Application-Specific Lithography: 5nm Node Gate Patterning
by Fred Chen on 09-08-2022 at 6:00 am

It has recently been revealed that the N5 node from TSMC has a minimum gate pitch of 51 nm [1,2] with a channel length as small as 6 nm [2]. Such a tight channel length entails tight CD control in the patterning process, well under 0.5 nm. What are the possible lithography scenarios?

Blur Limitations for EUV Exposure

A state-of-the-art EUV system has limited options for 51 nm pitch. Assuming the use of sub-resolution assist features (SRAFs) [3], an ideal binary image is projected with good NILS (normalized image log-slope) and depth of focus; however, blur spoils this outcome (Figure 1). The intensity modulation is diminished by blur.

Blur Limitations for EUV Exposure

Figure 1. Impact of blur on 51 nm pitch image on a 0.33 NA EUV system. A Gaussian or exponential blur function is convoluted with the blur-free image. Only relative blur magnitudes are given here.

Blur itself cannot be expected to have a fixed magnitude, as secondary electron yield is itself a variable quantity [4]. This alone generates a massive range of possible CDs. Moreover, blur from electrons is more exponential in nature than Gaussian [5]. This further worsens the impact, as exponential blur accumulates more contributions from electrons further away from the point under consideration (Figure 2).

5nm Node Gate Patterning

Figure 2. Exponential vs. Gaussian blur. Exponential blur decays faster at shorter distance while Gaussian blur decays faster at larger distances.
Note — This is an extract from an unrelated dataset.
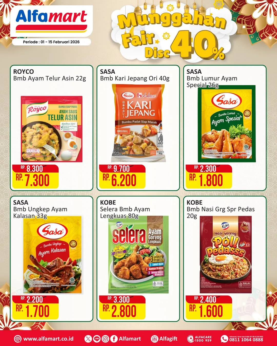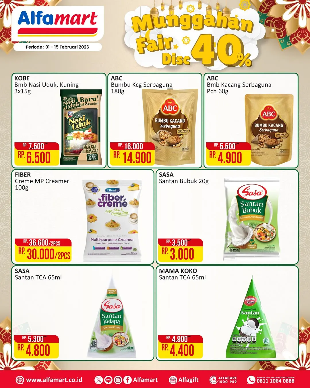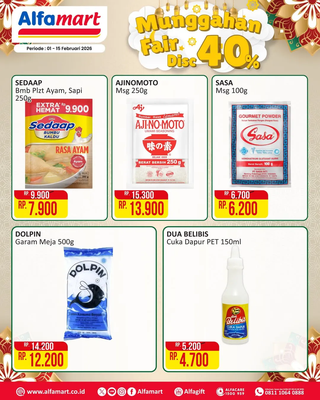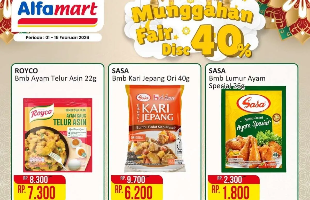 Selama 1-15 Februari 2026, ada promo Munggahan Fair dari Alfamart yang menawarkan berbagai kebutuhan dapur dengan diskon hingga 40%.

Consequently, with CD changes easily approaching or even exceeding 50%, EUV exposure is unsafe for gate patterning, which requires tolerances <10%. High-NA suffers from the same issue. Even if the NA went as high as the vacuum limit of 1.0 (Figure 3), blur, not wavelength/NA, dominates the image.

Application Specific Lithography

Figure 3. Blur degrades the ideal image even for the maximum EUV NA of 1.0.

Solution: SADP

The situation is changed entirely if the gate CD is not determined by lithography directly, but by a sidewall spacer width. The lithography pitch for spacer patterning is doubled to 102 nm, which is easily accommodated by ArF immersion lithography. This self-aligned double patterning (SADP) approach has been around for a long time [6,7]. Thus, this gate patterning approach will likely never go away.

References

[1] https://www.angstronomics.com/p/the-truth-of-tsmc-5nm

[2] https://www.dolphin-ic.com/products/standard-cell/tsmc_5ff_cell.html; https://www.dolphin-ic.com/products/standard-cell/tsmc_4ff_cell.html

[3] http://www.lithoguru.com/scientist/litho_tutor/TUTOR43%20(Nov%2003).pdf

[4] H. Fukuda, “Stochasticity in extreme-ultraviolet lithography predicted by principal component analysis of Monte Carlo simulated event distributions in resist films.” J. Appl. Phys. 132, 064905 (2022).

[5] M. Kotera et al., “Extreme Ultraviolet Lithography Simulation by Tracing Photoelectron Trajectories in Resist,” Jpn. J. Appl. Phys. 47, 4944 (2008).

[6] E. Jeong et al., “Double patterning in lithography for 65nm node with oxidation process,” Proc. SPIE 6924, 692424 (2008).

[7] https://seekingalpha.com/article/4513009-applied-materials-smic-move-another-headwind

This article first appeared in LinkedIn Pulse: Application-Specific Lithography: 5nm Node Gate Patterning.